WHAT TO PRODUCE
Your task is to retype, word for word, the lines from the start of the data through the line holding "別怕,有蝙蝠俠聯名的天然檸檬". Do not include the pictures.

INFORMATION PROVIDED
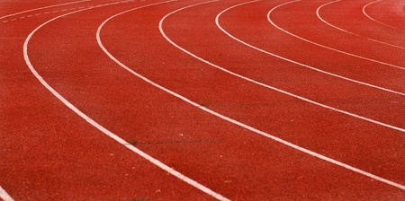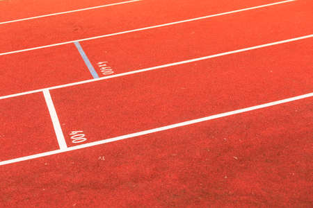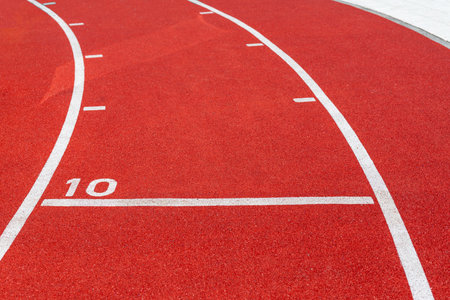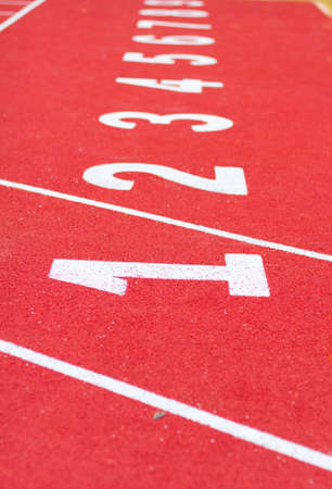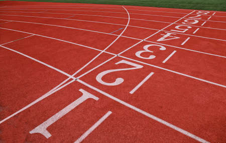 Red track and field lanes and numbers. Running lanes at a track and field athletic center. Horizontal sport theme poster, greeting cards, headers, website and app
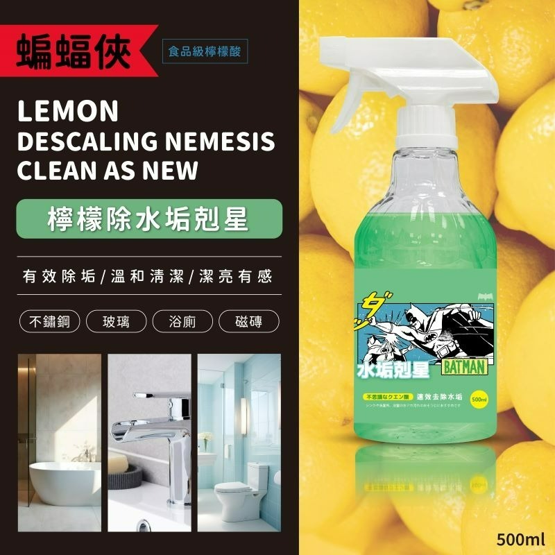 別怕,有蝙蝠俠聯名的天然檸檬清潔劑,發揮酸性剋垢力,溫和卻強效,還你潔白亮眼的衛浴空間!
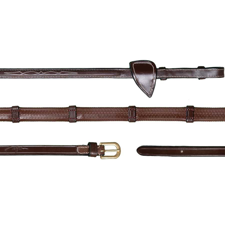 • Gumowe wodze marki Dyon z kolekcji Dyon Collection o szerokości 13 mm (1/2"), wyposażone w stopery zapewniające pewny i stabilny chwyt podczas jazdy. Wykonane z wysokiej jakości hiszpańskiej skóry oraz posiadają sprzączki skierowane do wewnątrz przy wędzidle.
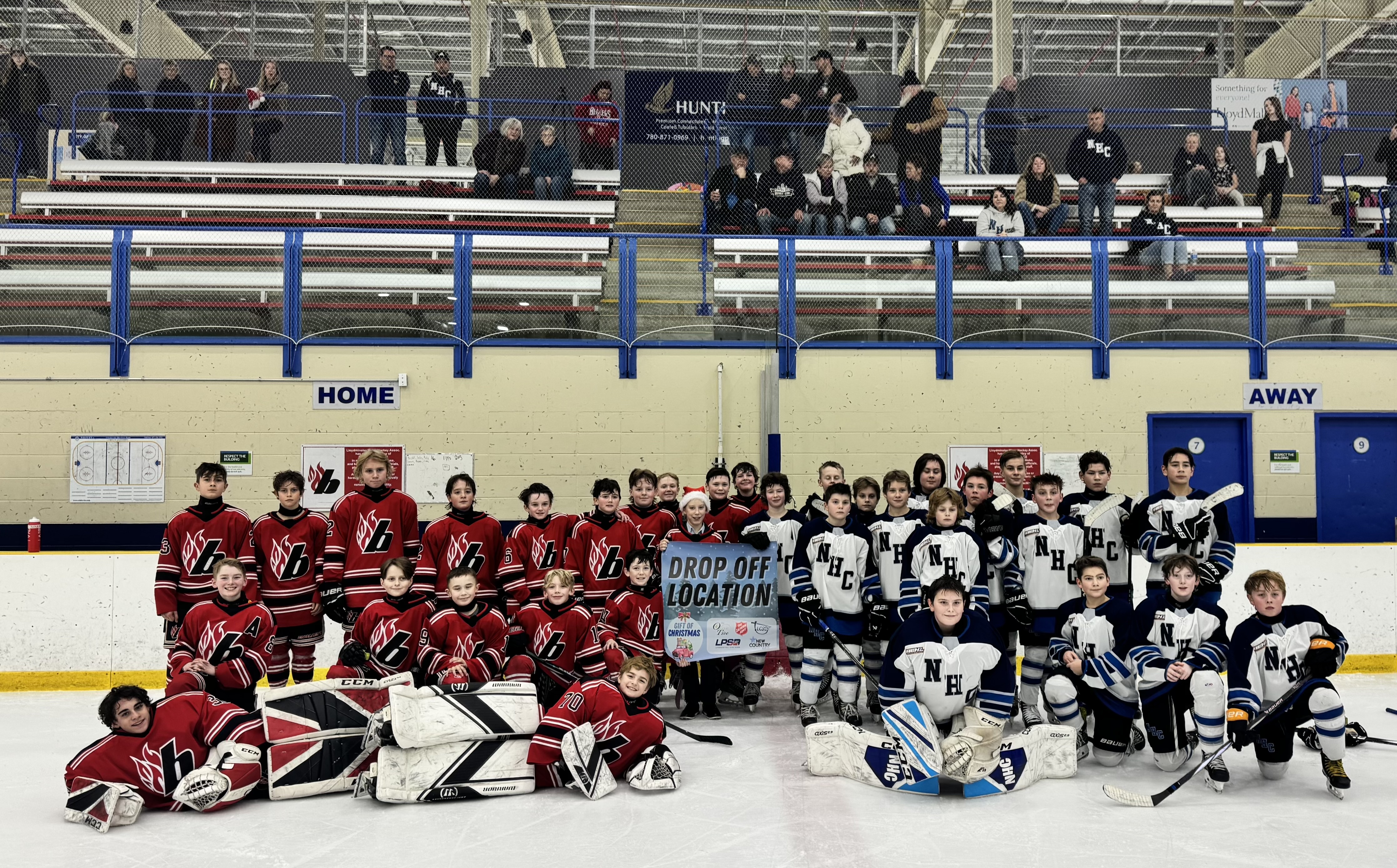 The MLAC U13AA hockey team hosted a special Santas Anonymous Game to raise donations for children and families in the Edmonton community. They advertised and requested donations for Santas Anonymous, setting up a special table at the game to collect cash and toy donations. Many of the players reached out to businesses and community members to gather contributions. The team played against the Beaumont AC U13AA team, who also participated by bringing donations for Santas Anonymous.
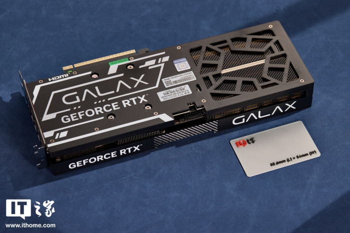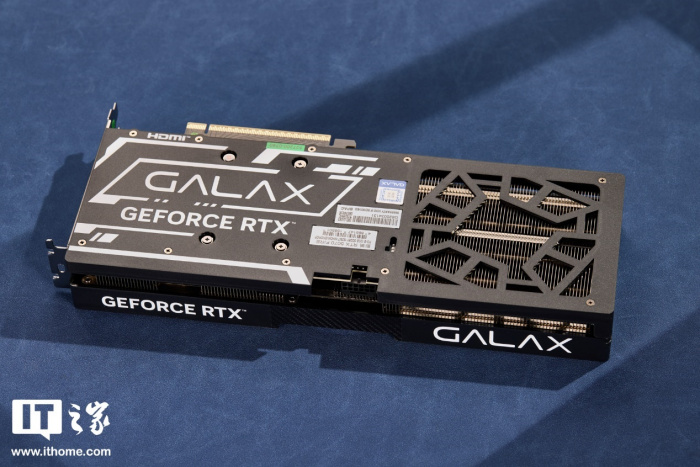 显卡背板的设计也和影驰 RTX 5090 D 大将基本保持一致,只是左侧的字母印花范围更大,右侧还是以圆角矩形开口为基础,内部做了四个梯形斜对称的个性镂空装饰。
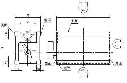 • 日本強(qiáng)力KANETEC磁性座KVA-2A,槽面、底面和背面都帶有磁性,適合固定圓鋼或不規(guī)則形狀的工件進(jìn)行加工。
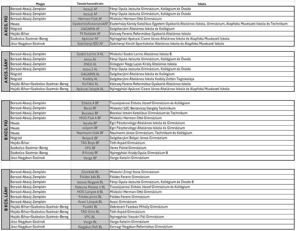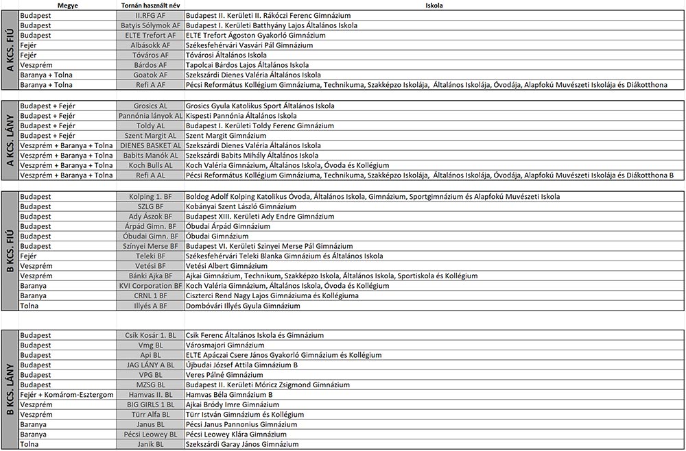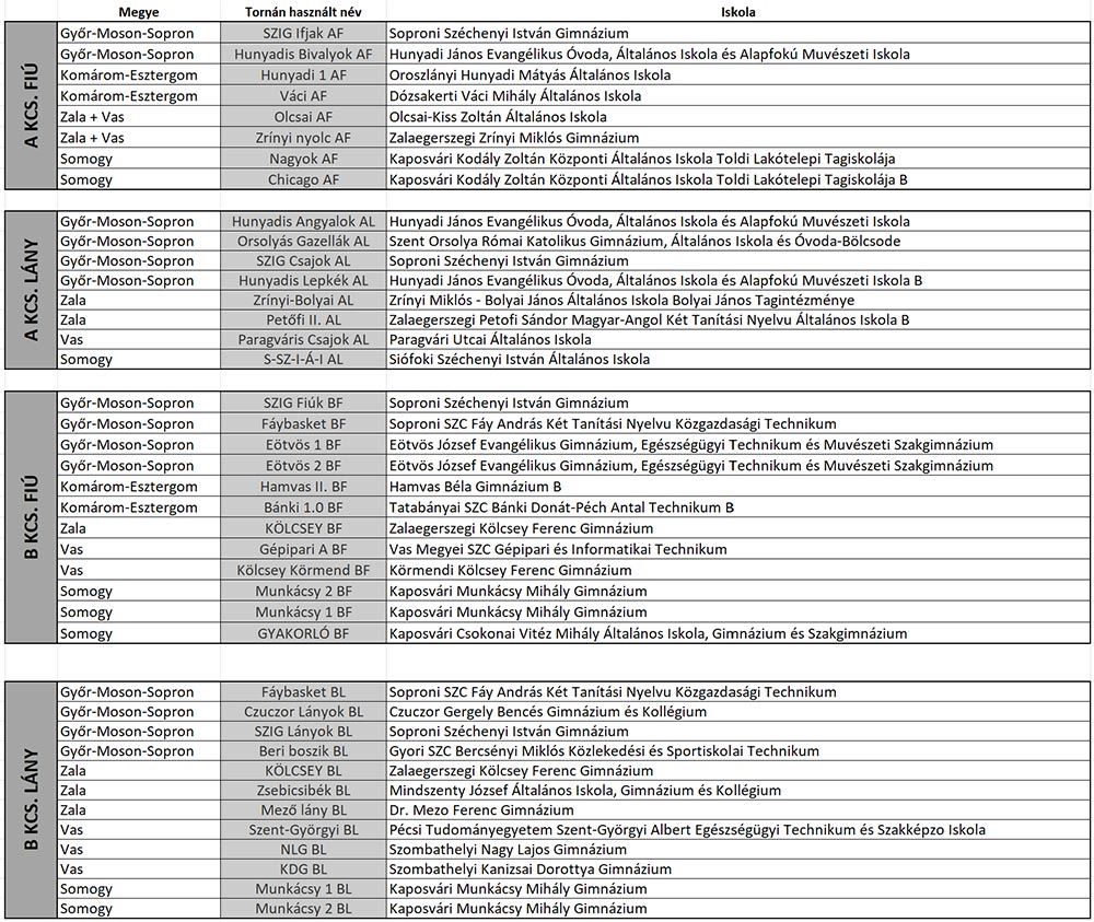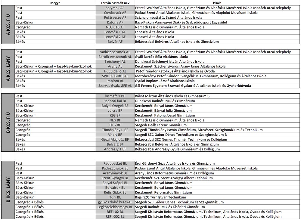 Alább elérhető a B33 DIÁKOLIMPIA régiós döntőibe bejutott csapatok listája.
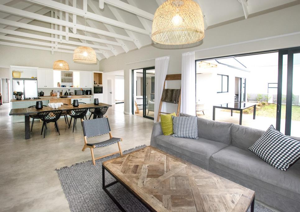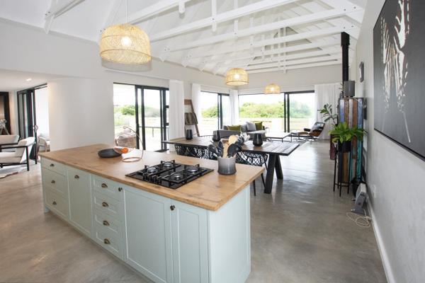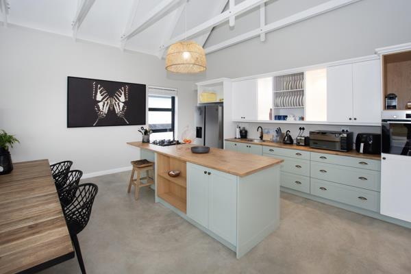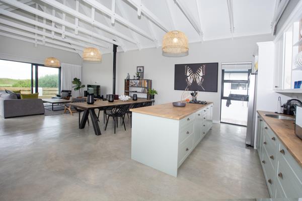 The open-plan design of the home is highlighted by a central island in the kitchen, which provides generous space for cooking and casual dining. This layout seamlessly integrates the kitchen, living, and dining areas, fostering an environment that promotes inclusive entertaining and effortless living.

RESPONSE TO THIS EXERCISE
 Red track and field lanes and numbers. Running lanes at a track and field athletic center. Horizontal sport theme poster, greeting cards, headers, website and app
 別怕,有蝙蝠俠聯名的天然檸檬清潔劑,發揮酸性剋垢力,溫和卻強效,還你潔白亮眼的衛浴空間!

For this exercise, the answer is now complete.